Localizing the Global Feminist Conflict
This special journal issue illustrates the movement’s quest to both appropriate and translate the global feminist understandings of trafficking (Abubikirova et al. 1999). The editors employed GAATW’s (sex-work feminist) definition, but, highlighting their understanding of trafficking as linked to new (1993) freedoms for Russians to travel abroad for work, the preface to the journal names the problem as the “illegal emigration of women” (nezakonnyi vyvoz zhenshchin za granitsu). While recognizing the incentives created by the “collapse of the [Soviet] social system,” they place blame for women’s ending up in the illegal sector of the economy on the countries of destination (in contrast to developed countries, which tend to blame countries like Russia). They see the problem as exacerbated by European countries’ desire to restrict immigration, leaving women wishing to immigrate even more dependent on shady businesses who bribe European government officials. “This is how a woman, striving for independence and material wellbeing, finds herself, on the contrary, in servitude and dire straits, suffering both from violence and fear for her own life and the lives of those close to her” (3).
Over the next few years, the St. Petersburg Crisis Center for Women also began to take part in various international meetings on trafficking—in the Baltics, with the OSCE, and in front of the U. S. Senate—as they developed an antitrafficking project, including psychological, legal, and financial support to deported women (Khodyreva 2004). This center too did not fit easily in one global feminist camp or another. Its director, Natalia Khodyreva, has advocated the establishment of bilateral agreements to create temporary worker programs for Russian women abroad so that the women, who mostly want to earn money for their families, can have a better chance of not being manipulated by organized crime (241). She also highlights a particular Russian concern, the trafficking in women or women’s body parts for reproduction. At the same time, she rejects the neoliberal discourse of choice, something she sees as alien to Russia and as essential to sex-work feminism. Acknowledging that sex-worker rights may work for citizen sex workers, she points out that legalizing prostitution would leave Russian sex workers outside of the regular labor market as most are likely not legal residents. For Khodyreva (2005, 245), the two feminist camps “do not contradict each other”: antiprostitution feminists focus on long-term issues, while sex-work feminists focus on “palliative tactical measures to improve the quality of life for those women already engaged in prostitution.”

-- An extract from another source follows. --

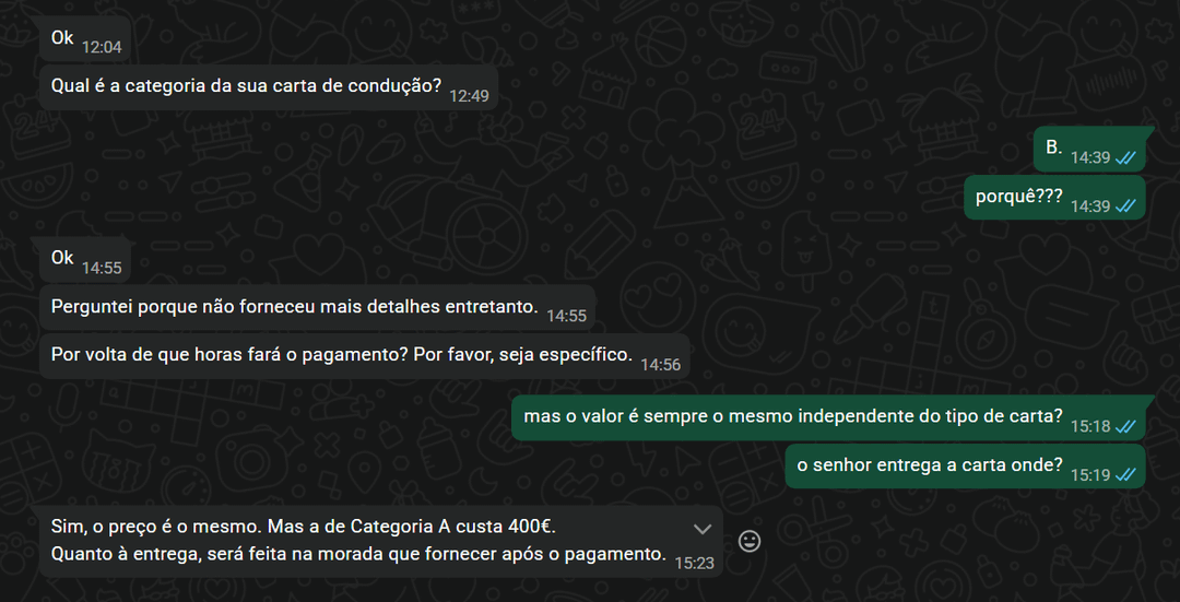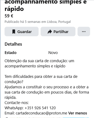 Há um ou dois meses fiz um comentário num Tiktok de uma rapariga a aprender a estacionar. Passado umas horas, uma página chamada “Service.imt.online” tenta seguir-me e manda-me mensagem a dizer que me arranjam uma carta de condução sem ter que fazer aulas de condução ou código. Reportei ao tiktok a fraude, mas como sempre disseram que não havia violação. Nem me passou pela cabeça falar com autoridades, e agora já não tenho a mensagem. Mas o perfil ainda está aberto.

But women’s crisis centers in Russia could not long escape the global feminist divides. Not only did assistance increase suspicion and fragmentation, but funders took sides. Khodyreva elaborates: “[T]here are. . . structures that make the financing [of Russian antitrafficking initiatives] directly dependent on the ideological position. . . with respect to prostitution” (Khodyreva 2004, 243). It was this ideological (and funding) divide that solidified the conflict between many women’s crisis center leaders and the Angel Coalition, the new coalition of antitrafficking organizations that emerged in the late 1990s from the U. S.-Russian NGO MiraMed and was officially headed by Khodyreva. MiraMed’s director took a strong antiprostitution stance, and some funders, such as U. S. Agency for International Development (USAID) and the Ford Foundation, apparently at first refused to fund them. In contrast, the other women’s crisis center leaders participated in international events organized by sex-work feminists.12 Even though both the women’s crisis centers and the Angel Coalition/MiraMed had been inspired by the 1997 conference and documentary, by the new millennium they were bitterly divided.